In this line of work, the world is very small. We seemed to bump into each other, unfortunately, some of them are enemies. In an interview, I could smell trouble when the financial controller asked me if I know this person, that person. I was well aware that she must have found out something unfavorable about me from this or that person that she mentioned about me.

The thing is, if you already heard “bad remarks” about me, you might as well save your time as well as mine and reject my application at the first place. It’s really despicable to put me up on a stage and stone me. Worse, she was not listening to both side stories and already found me guilty. Well, it’s karma really. I heard that, the department is forever changing staff. Who would want to work for people who never give anyone chances and one track minded. For the record, I didn’t do anything bad. I admit I am a rebellious person but I am not a rebel without a cause. I always uphold what is right, give you things to think about, ways to improve methods of working, and give 100% at work.

So, what horror stories you have for me, from your interviews?

8 thoughts on “Interviews on Elm Street

  1. I can imagine your shock when the interviewer asked you if you can forge a signature. After all it’s your 1st company secretarial job interview. Luckily didn’t give you a bad impression of this line.

  2. Gee, it’s not a good thing when someone asks you if you forge signatures man…… when it comes down to the crunch.. YOU’re the one who’s gonna be put up for blame ….. tsk tsk tsk … so unprofessional!

    … hmmm… you’re on the prowl for a new job?

  3. Ann: I think right there and then, I was brought to the “real world” when the interviewer asked me that question. I saw a lot of bad practice while I was there for only 1.5 months. The bitchy boss doesn’t even know the difference between having an AGM and adjourned AGM. Forging signature is not the worst… you reminded me that, they had one case that the person signing the Statutory Declaration “in front of the Commissioner of Oath”… is dead. LOL!

    shorthorse: Well, for the record, I never forge signatures. The boss did it all by herself. Ah? Do you have any recommendations? Hehe.

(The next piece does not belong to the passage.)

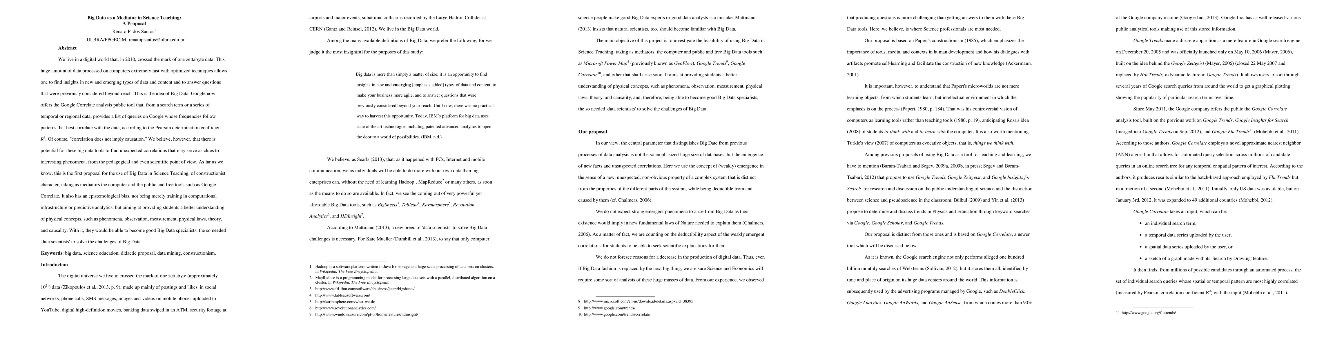 We live in a digital world that, in 2010, crossed the mark of one zettabyte data. This huge amount of data processed on computers extremely fast with optimized techniques allows one to find insights in new and emerging types of data and content and to answer questions that were previously considered beyond reach. This is the idea of Big Data. Google now offers the Google Correlate analysis public tool that, from a search term or a series of temporal or regional data, provides a list of queries on Google whose frequencies follow patterns that best correlate with the data, according to the Pearson determination coefficient R2. Of course, correlation does not imply causation. We believe, however, that there is potential for these big data tools to find unexpected correlations that may serve as clues to interesting phenomena, from the pedagogical and even scientific point of view. As far as we know, this is the first proposal for the use of Big Data in Science Teaching, of constructionist character, taking as mediators the computer and the public and free tools such as Google Correlate. It also has an epistemological bias, not being merely a training in computational infrastructure or predictive analytics, but aiming at providing students a better understanding of physical concepts, such as phenomena, observation, measurement, physical laws, theory, and causality. With it, they would be able to become good Big Data specialists, the so needed 'data scientists' to solve the challenges of Big Data.
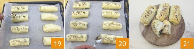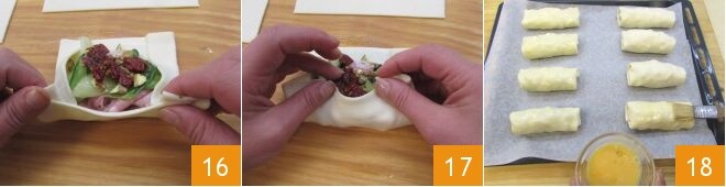 Luego toma el borde inferior de la masa y dóblalo también sobre el relleno 16 y continúa envolviéndolo 17, hasta obtener unos rollitos. Procede de la misma manera también con los rollitos vegetarianos: tendrás que rellenarlos con queso scamorza, pak choi, tomates secos y nueces. Finalmente, dispón los 8 rollitos obtenidos en una bandeja cubierta con papel de horno y úntalos con huevo ligeramente batido 18.

  4. I’ve been asked the 2nd & 3rd questions. Not the rest. The rest sounds so weird though.

    I hate the “where do you see yourself in 5 years’ time” question as well. It’s like you’re giving the type of answers they like to hear.

    I normally rehearse for most questions ie. give them what they want to hear. I’ve changed job every 2 years, so have encountered many repeated questions.

  5. There was a point in time in my career when I was attending interviews almost every other week, so much so my answers became like a record. Just press play!

    The difficult part is trying to sound enthusiastic after being asked the 5 year question the umpteenth time! Hahahah.

    Interviews and interviewing. It’s an art form ;)

  6. ai shiang: I think the interviewers/HR should go for creative class to learn more creative questions. Haha!! Those “other” questions are not weird.. they just reflect how “professional” some firms are in Malaysia.

    unkaleong: Wah.. can gimme “sample” answers or not? So I can “record” and “play” when I go for future interviews. Hahaha! Yes.. I agree with you.. it’s an art form. :D And brother, you always leave your website address wrong one whenever you comment here. You do it on purpose is it? Haha! Anyway, I sudah corrected the web address.

  7. zing: That questions normally asked for high powered positions lah.. me clerk only. That is why I am pissed when they asked me the 5 – 10 years question. Haha!